**GIVEN INFORMATION**:
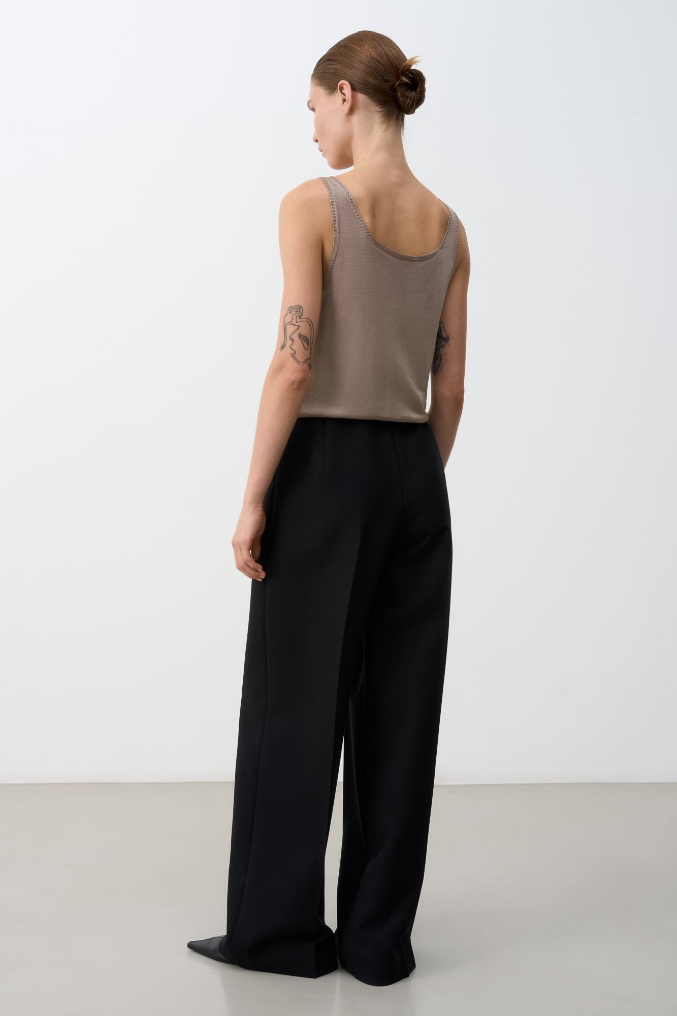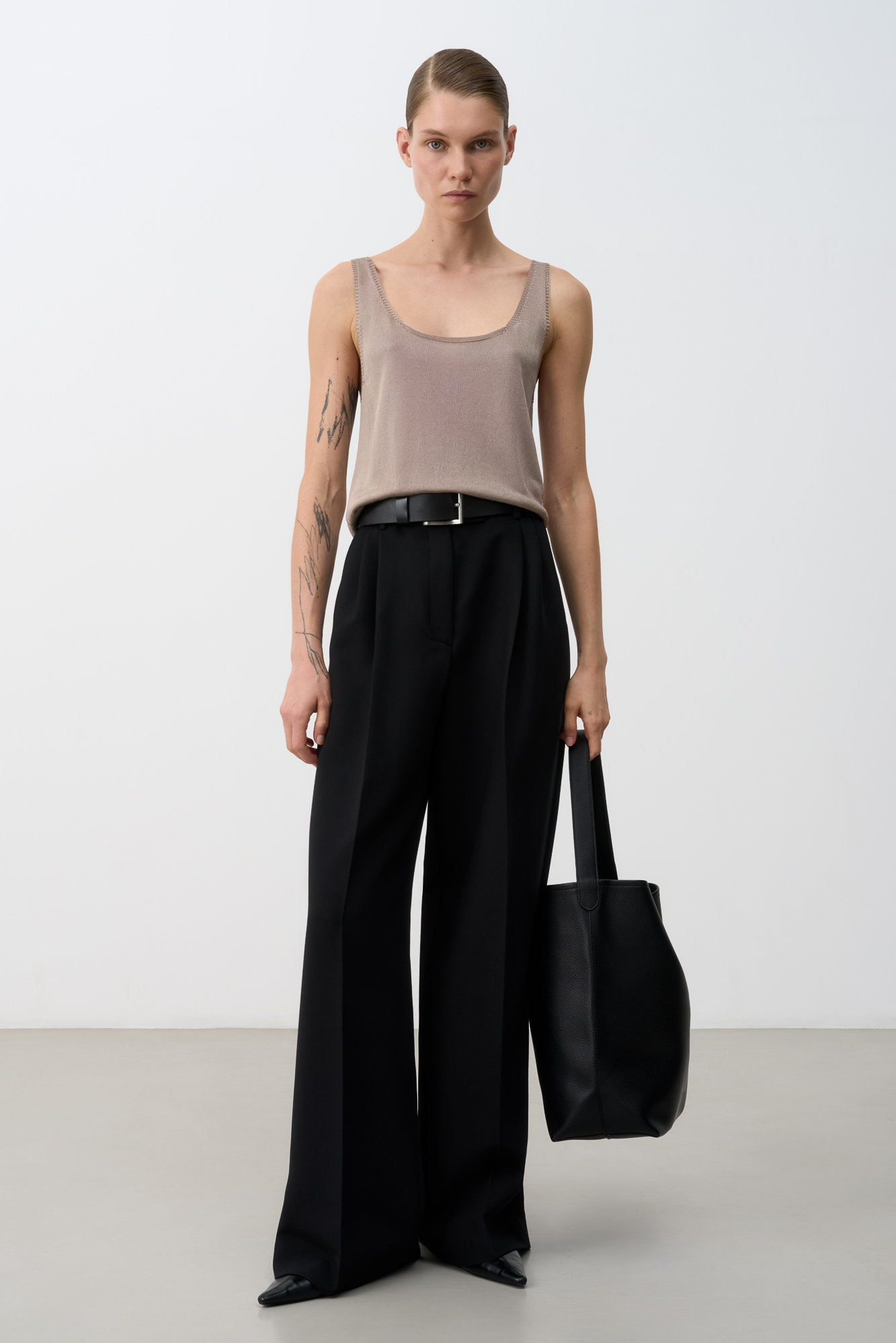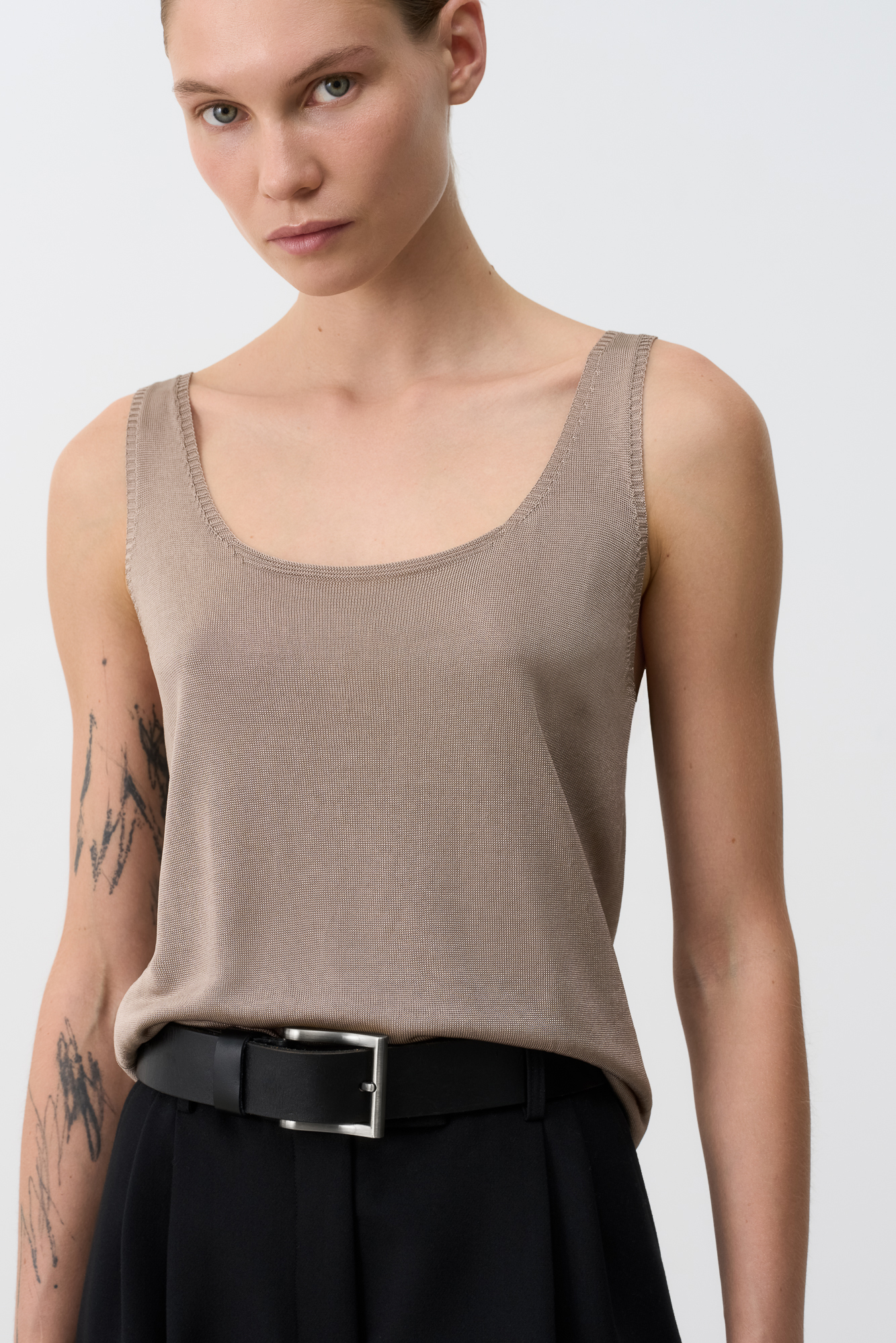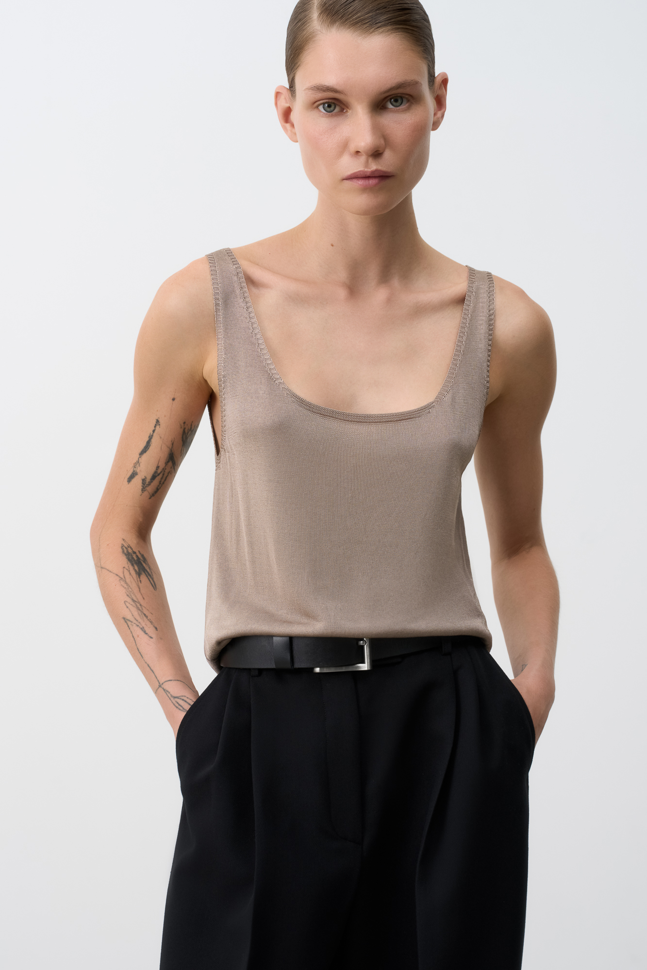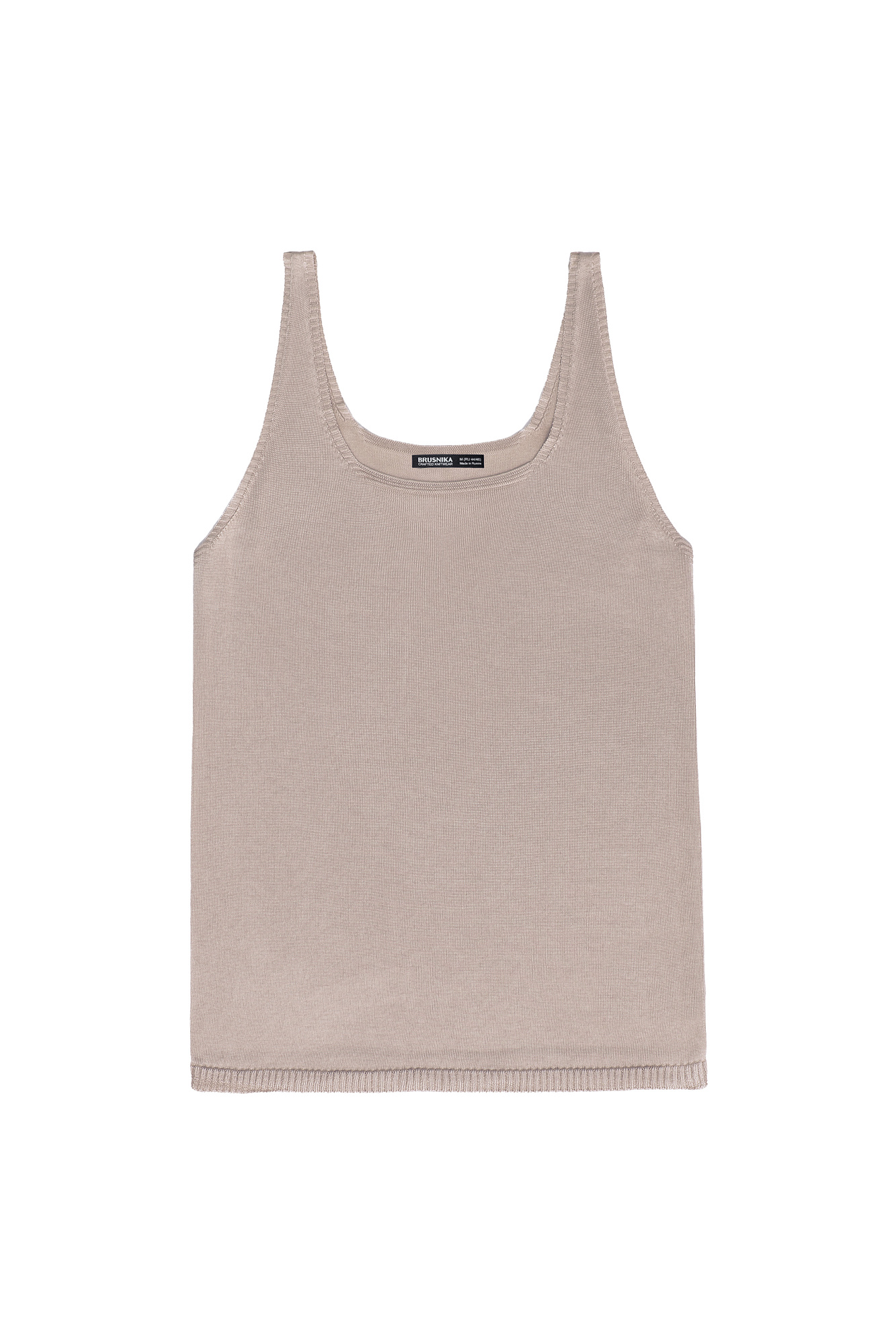 Цельновязаная майка из 100% вискозы на тонких бретелях.
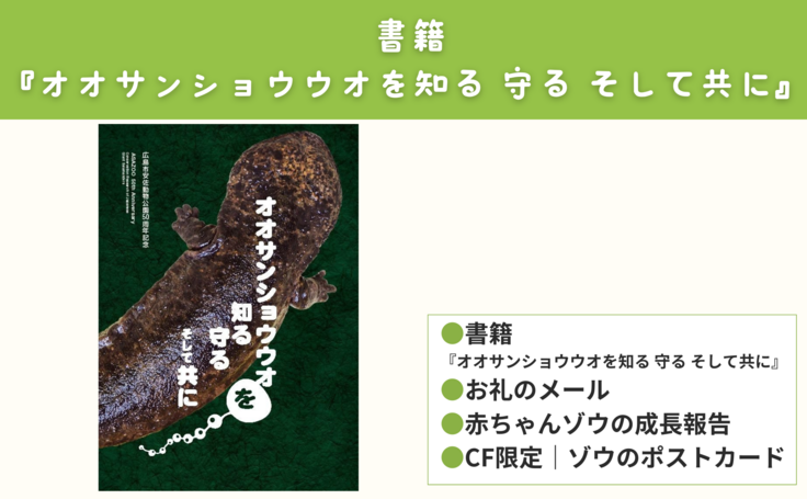 安佐動物公園開園50周年を記念して2021年に発刊した、 オオサンショウウオに関する安佐動物公園での研究や保全活動等をまとめた書籍『オオサンショウウオを知る 守る そして共に』 をリターン品として新たに追加しました。
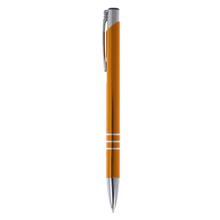 Ball pen, coloured barrel with shiny finish, features trim parts in silver colour, writes in blue, product made from aluminium
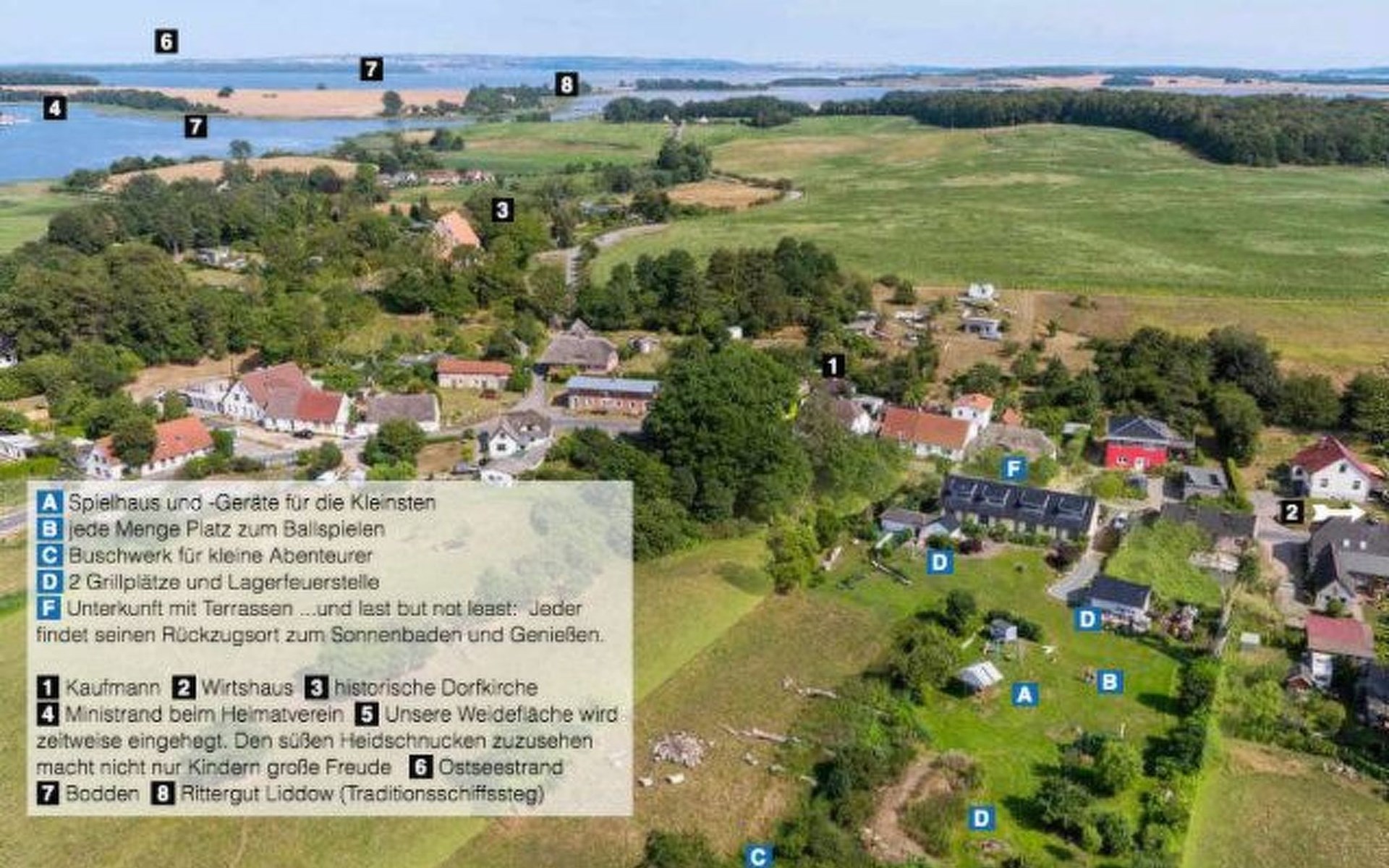 Auf dem weitläufigen Grundstück befinden sich ein Spielplatz mit Rutsche, Schaukeln, Spielhäusern und großer Spielwiese. Viel Platz zum Sonnenbaden oder Rückzugsorte mit einem guten Buch. Der große, teilüberdachte Grillplatz steht allen Gästen zur Verfügung und bietet nicht nur Schutz vor einem Schauer, sondern Sie haben auch Ihre Kinder im Blick beim Spielen - und abends den goldenen Sonnenuntergang über dem Hügel von Moritzhagen.

**PROBLEM TO WORK ON**: Before copying the data, remove the pictures. Then repeat the rest exactly.

**TASK OUTPUT**:
 Цельновязаная майка из 100% вискозы на тонких бретелях.
 安佐動物公園開園50周年を記念して2021年に発刊した、 オオサンショウウオに関する安佐動物公園での研究や保全活動等をまとめた書籍『オオサンショウウオを知る 守る そして共に』 をリターン品として新たに追加しました。
 Ball pen, coloured barrel with shiny finish, features trim parts in silver colour, writes in blue, product made from aluminium
 Auf dem weitläufigen Grundstück befinden sich ein Spielplatz mit Rutsche, Schaukeln, Spielhäusern und großer Spielwiese. Viel Platz zum Sonnenbaden oder Rückzugsorte mit einem guten Buch. Der große, teilüberdachte Grillplatz steht allen Gästen zur Verfügung und bietet nicht nur Schutz vor einem Schauer, sondern Sie haben auch Ihre Kinder im Blick beim Spielen - und abends den goldenen Sonnenuntergang über dem Hügel von Moritzhagen.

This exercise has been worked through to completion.